6. Nonlinear problems
Consider a nonlinear (partial) differential equation \(P[u]=0\), e.g. the Burgers equation (Johannes Martinus Burgers 1895–1981)
(6.1)\[
\begin{equation}
\frac{\partial u}{\partial t} + u \frac{\partial u}{\partial x} = 0 \ , \ 0\leq x < 2\pi
\end{equation}
\]
with periodic boundary conditions on a domain \(L=2\pi\). Due to the periodicity, a Fourier Galerkin scheme is an obvious choice for the spatial discretisation. The fundamental wave number \(\alpha=2\pi/L=1\); the trial functions are thus \(\phi_k=\Phi_k = e^{\mathrm{i} kx}\) and the test functions \(\phi_l=\Phi_l = e^{\mathrm{i} lx}\).
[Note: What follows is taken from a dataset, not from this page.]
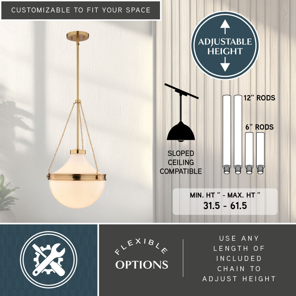 Lincoln 13-in. W 1 Light Pendant Muted Brass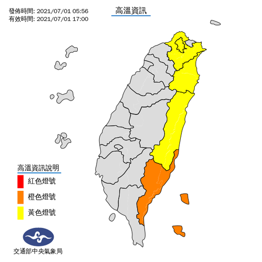 【高溫黃燈】36度以上:台北市、新北市、宜蘭縣、花蓮縣。

The approximation for the solution is
\[
\begin{equation}
u_N(x,t) = \sum_{k=-K}^K \hat{u}_k(t) \phi_k(x) = \sum_{k=-K}^K \hat{u}_k(t) e^{\mathrm{i}kx} \ ,
\end{equation}
\]
with \(N=2K+1\) unknown coefficients. Inserting \(u_N\) into the Burger equation (6.1) gives
\[
\begin{equation}
\sum_{k=-K}^K \frac{\mathrm{d}\hat{u}_k}{\mathrm{d}t} \phi_k(x) + \sum_{k=-K}^K \hat{u}_k\phi_k(x) \sum_{m=-K}^K \hat{u}_m\frac{\mathrm{d}\phi_m(x)}{\mathrm{d}x} = 0 \ .
\end{equation}
\]
The next step is to multiply with the \(N\) test functions \(\phi_l\) together with the integration over the domain obtaining a system of equations with \(l=0,\ldots,N-1\)
\[
\begin{equation}
\int_0^{2\pi} \phi_l(x) \sum_{k=-K}^K \frac{\mathrm{d}\hat{u}_k}{\mathrm{d}t} \phi_k(x) \mathrm{d}x + \int_0^{2\pi} \phi_l(x)\sum_{k=-K}^K \hat{u}_k\phi_k(x) \sum_{m=-K}^K \hat{u}_m\frac{\mathrm{d}\phi_m(x)}{\mathrm{d}x}\mathrm{d}x = 0 \ ,
\end{equation}
\]
which can be rewritten as follows using the product and derivative properties of the \(\phi_i\)
\[
\begin{equation}
\sum_{k=-K}^K \frac{\mathrm{d}\hat{u}_k}{\mathrm{d}t} \int_0^{2\pi}\phi_k(x) \phi_l(x)\mathrm{d}x + \sum_{k=-K}^K\sum_{m=-K}^K \mathrm{i} m \hat{u}_k \hat{u}_m\int_0^{2\pi} \phi_l(x)\phi_{k+m}(x) \mathrm{d}x = 0 \ ,
\end{equation}
\]
Employing the orthogonality relations (3.1)
\[
\begin{equation}
\int_0^{2\pi} \phi_k(x) \phi_{-l}(x) \mathrm{d}x = 2\pi \delta_{kl}
\end{equation}
\]
gives first
\[
\begin{equation}
\sum_{k=-K}^K \frac{\mathrm{d}\hat{u}_k}{\mathrm{d}t} \delta_{-l,k} + \sum_{k=-K}^K\sum_{m=-K}^K \mathrm{i} m \hat{u}_k \hat{u}_m \delta_{-l,k+m} = 0 \ ,
\end{equation}
\]
which allows to get rid of one summation in each term yielding
\[\begin{split}
\begin{equation}
\frac{\mathrm{d}\hat{u}_{-l}}{\mathrm{d}t} + \sum_{\substack{k=-K\\ -l=k+m\\ |m|\leq K}}^K \mathrm{i} m \hat{u}_k \hat{u}_m = 0 \ ,
\end{equation}
\end{split}\]
and after replacing \(-l\) with \(l\) one obtains finally a system of nonlinear equations for the coefficients \(\hat{u}_l\)
(6.2)\[\begin{split}
\frac{\mathrm{d}\hat{u}_l}{\mathrm{d}t} + \sum_{\substack{k=-K\\ l=k+m\\ |m|\leq K}}^K \mathrm{i} m \hat{u}_k\hat{u}_m = 0 \ ,
\end{split}\]
where \(l\) goes from \(-K\) to \(K\).
The fairly complex summation in the second term resembling a convolution is a consequence of the nonlinearity. Since we need to evaluate a sum for all components \(l\) of the solution, the number of operations is \(\mathcal{O}(K^2)\) which makes this sum evaluation the computationally most expensive part.